Second, and more importantly, I do believe that seriality is a dominant mode of cul-
tural practice that has been inadequately studied and theorised. Thus, I encourage us
to consider seriality writ large beyond what we more narrowly look for with serialised
narrative, highlighting multiple forms of continuities and various structures of gaps. So
while not everything is a serial, I do believe that everything might well be serialised, if
we examine its cultural production, reception, and circulation. I hope that by adopting
this broader notion of operational seriality, we can draw productive connections across
forms, media, contexts, and disciplines, and prompt an ongoing conversation.

Notes
1. For examples of anthologies, see Harrigan and Wardrip-Fruin (2009); Allen and van den
Berg (2014); Kelleter (2017); for monographs, see Kelleter (2014); Mittell (2015); Higgins
(2016). Among the many prominent conferences focused on seriality over the past decade
are the Serial Forms Conference (University of Zurich, 2009), Thinking Serially (CUNY,
2015), Popular Seriality International Conference (University of Göttingen, 2013), and
Seriality, Seriality, Seriality (Freie Universität, Berlin, 2016), with the latter two sponsored
by the six-year Germany-based international Popular Seriality Research Unit, which the
author was affiliated with.
2. See <http://victorianserialnovels.org/> (last accessed 1 November 2017).

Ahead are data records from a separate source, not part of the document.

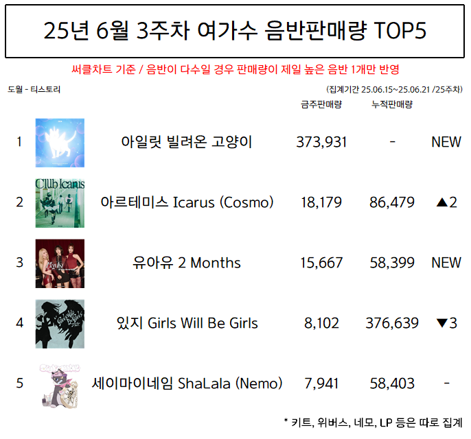 | 25년 6월 4주차 여가수 음반판매량 TOP5 (0) | 2025.07.07 |
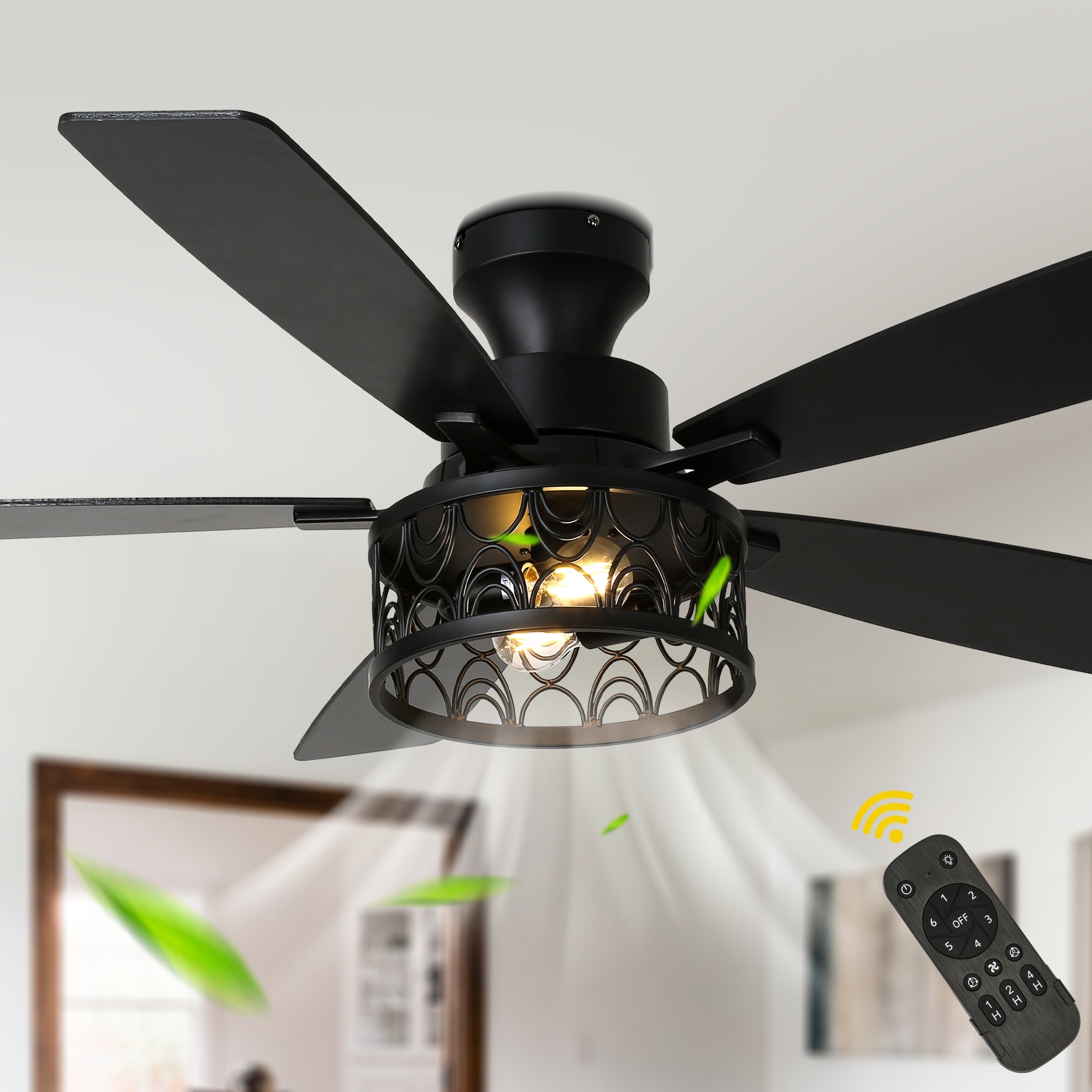 Chichoice 52" Black Flush Mount Ceiling Fan Light with Remote Control, Drum Style, 6-Speed Settings for Living Room
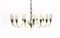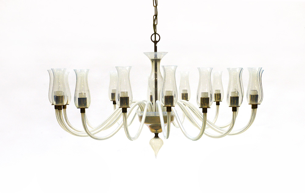 Lampadario a sedici braccia in vetro soffiato opalescente con portalampadine in ottone lucidato. Anni '80/'90. (h cm 106; d cm 89) (lievi difetti)
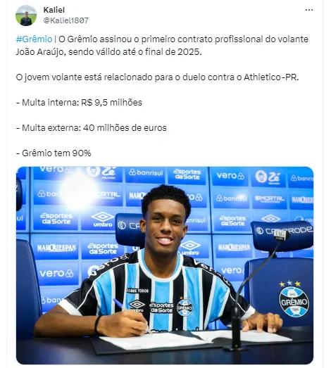 “O Grêmio assinou o primeiro contrato profissional do volante João Araújo, sendo válido até o final de 2025. O jovem volante está relacionado para o duelo contra o Athletico-PR. – Multa interna: R$ 9,5 milhões. Multa externa: 40 milhões de euros (R$ 212 milhões na cotação atual). Grêmio tem 90% dos direitos econômicos”, publicou Kaliel em suas redes sociais.
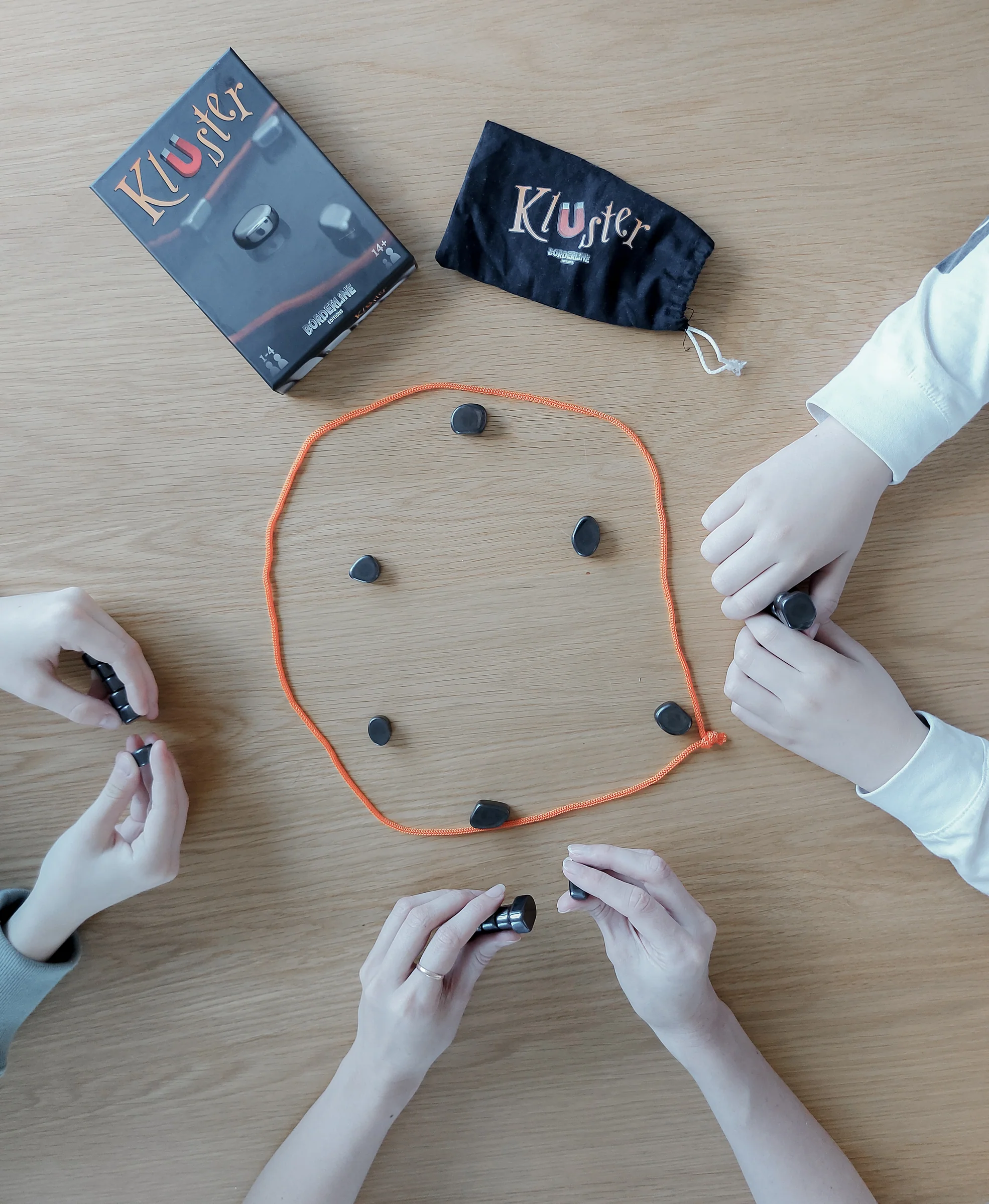 Kluster on osavusmäng 1-4 mängijale, väga lühike, hõlpsasti transporditav, uskumatult lõbus, tõeliselt lihtne, kõigile kättesaadav ja siiski täis strateegiat! Klusteri reeglid on hetkega seletatavad: Magnetkivid jagatakse võrdselt mängijate vahel, kes omakorda peavad asetama ühe kivi nööriga piiritletud alale. Võidab mängija, kes esimesena oma magnetitest lahti saab. Kuid ole ettevaatlik, kui ühe mängija käigu ajal kivid kokku tõmbuvad, peab ta need endale võtma. Võidab see kes saab esimesena oma mangnetid ära paigutatud.

3. Like novels in a longer series such as ‘Harry Potter’, the gaps between seasons of a full-drop
series constitute the seriality of programmes such as House of Cards; these long gaps between
full-dropped seasons are quite distinct from the rhythms and experiences of weekly serialised
programmes.
4. In a 2016 BBC critics’ poll of the best films of the twenty-first century, Mulholland Drive
was ranked no. 1, and Boyhood was ranked no. 5. See <http://www.bbc.com/culture/
story/20160819-the-21st-centurys-100-greatest-films> (last accessed 2 November 2017).